As shown in FIGS. 1 and 2, the surgical instrument 20 of the present invention has the blade portion 1 arranged at the forefront, and the blade portion 1 is placed in the same direction as the rotation direction of the rotary knob 2 in FIG. 5 has a structure that can rotate at least 360 degrees around the rotation axis B shown in FIG. FIG. 5 schematically shows the rotation mechanism of the blade portion 1, but between the rotation axis B and the rotation axis A (4 in FIG. 2) that forms an integral structure with the rotatable rotary knob 2. When the rotary knob 2 is rotated with a finger by spanning the wire 3, the blade portion 1 rotates in the same direction as the rotary knob 2 around the rotation axis B in conjunction with the rotation. It has become. In order to rotate the blade portion 1 more stably and more reliably 360 degrees, the single wire 3 is rotated with the rotary knob 2 and the rotation axis A integrally formed, and the blade portion 1 is rotated. It is preferable that one or more turns are wound around each of the rotating shafts B and both ends of the wire 3 are joined (9 in FIG. 2: connecting portion) to form a continuous ring shape. FIG. 3 shows an example in which the wire 3 is wound around the axis of the rotary shaft B. However, as shown in FIG. 3, the wire 3 is accommodated in a groove 11 provided in a rod-shaped arm portion 10 described later, The groove 11 is preferably structured so that the wire 3 slides.

図1および図2に例示した手術器具では、ワイヤー3に、常に最適なテンションをかけることができるようにするため、回転つまみ2を、把持部7の適宜な位置に固定ねじ8で螺子止めできる構造となっている。このため、回転軸Bと回転軸Aとの間に掛け渡されたワイヤー3の張り具合を、より好適な状態に調節することができる。回転つまみ2の位置を把持部7の適宜な位置に微調整してワイヤー3にかかるテンションを最適にし、固定ねじ8で固定することにより、術者が、本発明の手術器具20の回転つまみ2を指で回すことで刃部1を360度回転させて、該刃部1の最先端に設けた刃先で膜組織を円形状に切除する処置が、より円滑にできるようになる。   In the surgical instrument illustrated in FIGS. 1 and 2, the rotary knob 2 can be screwed with a fixing screw 8 at an appropriate position of the gripping portion 7 so that an optimum tension can be always applied to the wire 3. It has a structure.

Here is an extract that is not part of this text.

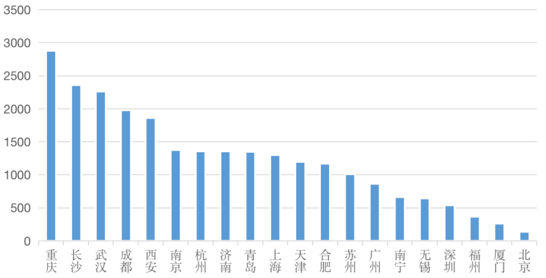 從數(shù)據(jù)看,重慶、長(zhǎng)沙、武漢、成都等中西部城市表現(xiàn)依然強(qiáng)勁,重慶成交規(guī)模2877萬(wàn)平方米居首位。隨著項(xiàng)目的建設(shè)交付,這些項(xiàng)目將在未來(lái)一年轉(zhuǎn)化為該城市企業(yè)拓展的對(duì)象,重慶新項(xiàng)目規(guī)模將進(jìn)一步與其他城市拉開(kāi)差距。

For this reason, the tension of the wire 3 stretched between the rotating shaft B and the rotating shaft A can be adjusted to a more suitable state. By finely adjusting the position of the rotary knob 2 to an appropriate position of the gripping portion 7 to optimize the tension applied to the wire 3 and fixing with the fixing screw 8, the operator can turn the rotary knob 2 of the surgical instrument 20 of the present invention. By rotating the blade with a finger, the blade 1 is rotated 360 degrees, and the treatment of cutting the membrane tissue into a circular shape with the cutting edge provided at the forefront of the blade 1 can be performed more smoothly.

さらに、回転軸Bと回転軸Aの太さを決定する場合に、回転つまみ2の回転に追随して刃部1を回転させる際に、例えば、回転つまみ2を指で90度〜180度回転させることで、刃部1が360度回転するように設計することが好ましい。いずれにしても、医師が指で回転つまみ2を回転させることで、刃部1を回転させている感覚を体感できるようにすることが好ましい。特に、回転つまみ2を指で90度回転させることで、刃部1を360度回転するように設計することが好ましい。具体的には、回転軸A及び回転軸Bのそれぞれの軸の太さを適宜に決定することで、容易に設計できる。   Further, when determining the thicknesses of the rotary shaft B and the rotary shaft A, when rotating the blade portion 1 following the rotation of the rotary knob 2, for example, the rotary knob 2 is rotated by 90 to 180 degrees with a finger. By doing so, it is preferable to design the blade portion 1 to rotate 360 degrees. In any case, it is preferable that the doctor can experience the feeling of rotating the blade portion 1 by rotating the rotary knob 2 with a finger. In particular, it is preferable to design the blade portion 1 to rotate 360 degrees by rotating the rotary knob 2 by 90 degrees with a finger. Specifically, the design can be easily performed by appropriately determining the thickness of each of the rotation axis A and the rotation axis B.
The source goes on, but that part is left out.